**About this task:**
Would you reproduce each line below exactly, leaving every picture out?

**Data block:**
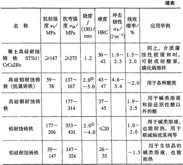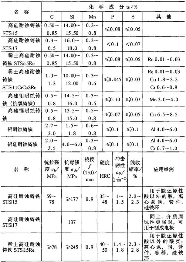 表4-49 耐蚀铸铁的化学成分、性能及应用
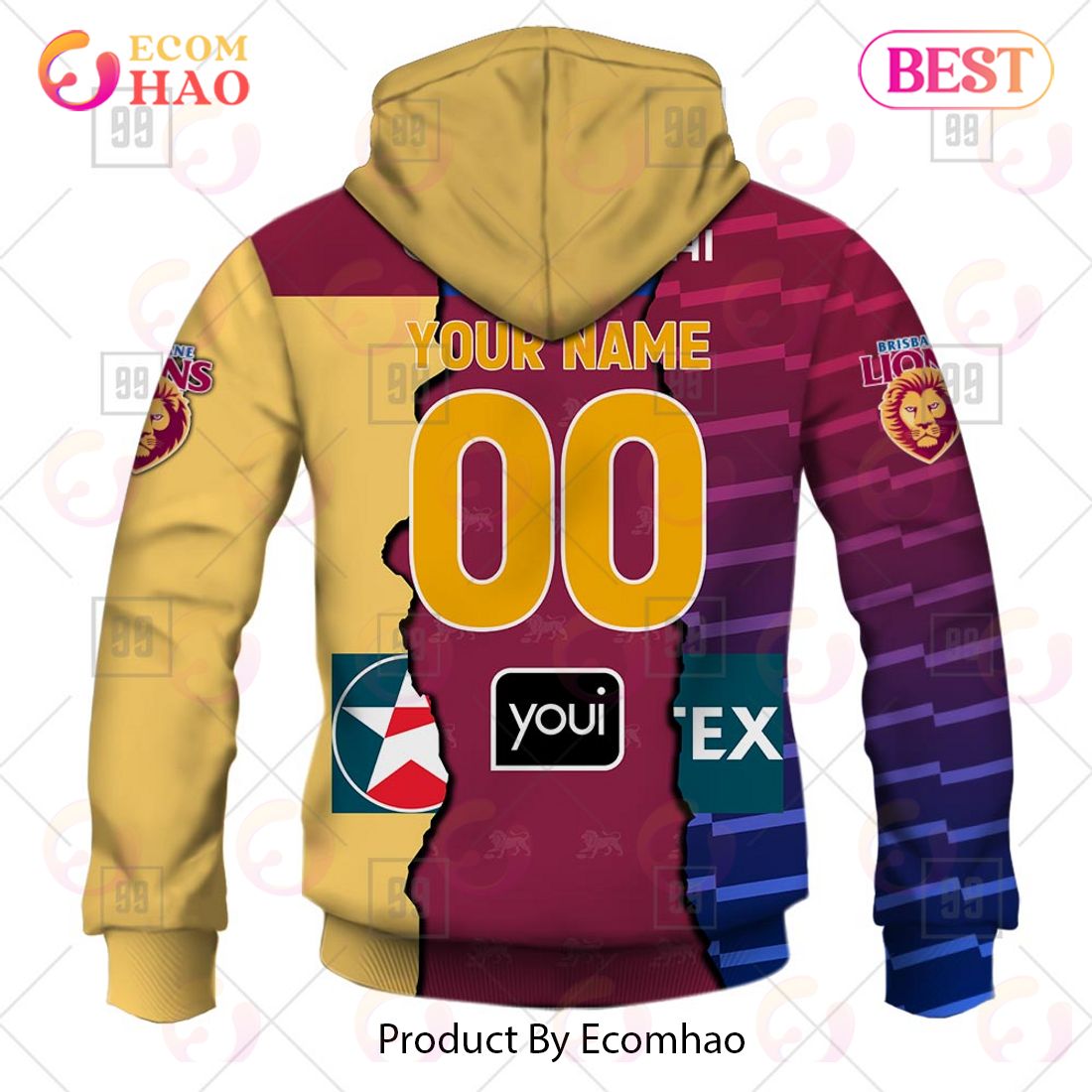 AFL Brisbane Lions Custom Name Number 2023 Mix Guernsey Pullover Hoodie
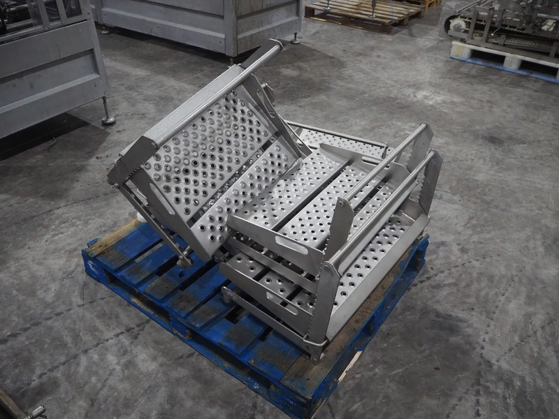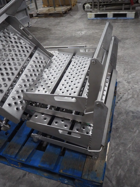 Pallet with 6 s/s ergo steps, dimensions: 750 mm x 470 mm x 430 mm.
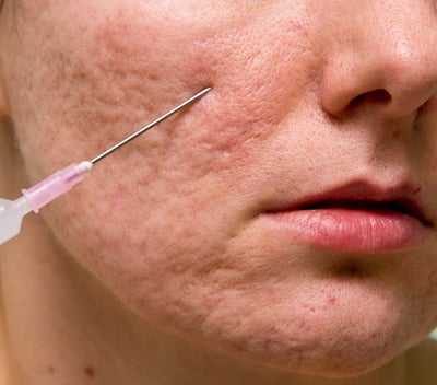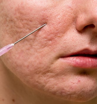 Scar subcision is a minimally invasive surgical procedure which involves inserting a needle under the skin to break up fibrous bands that tether the scar to deeper tissues.

**Answer area:**
 表4-49 耐蚀铸铁的化学成分、性能及应用
 AFL Brisbane Lions Custom Name Number 2023 Mix Guernsey Pullover Hoodie
 Pallet with 6 s/s ergo steps, dimensions: 750 mm x 470 mm x 430 mm.
 Scar subcision is a minimally invasive surgical procedure which involves inserting a needle under the skin to break up fibrous bands that tether the scar to deeper tissues.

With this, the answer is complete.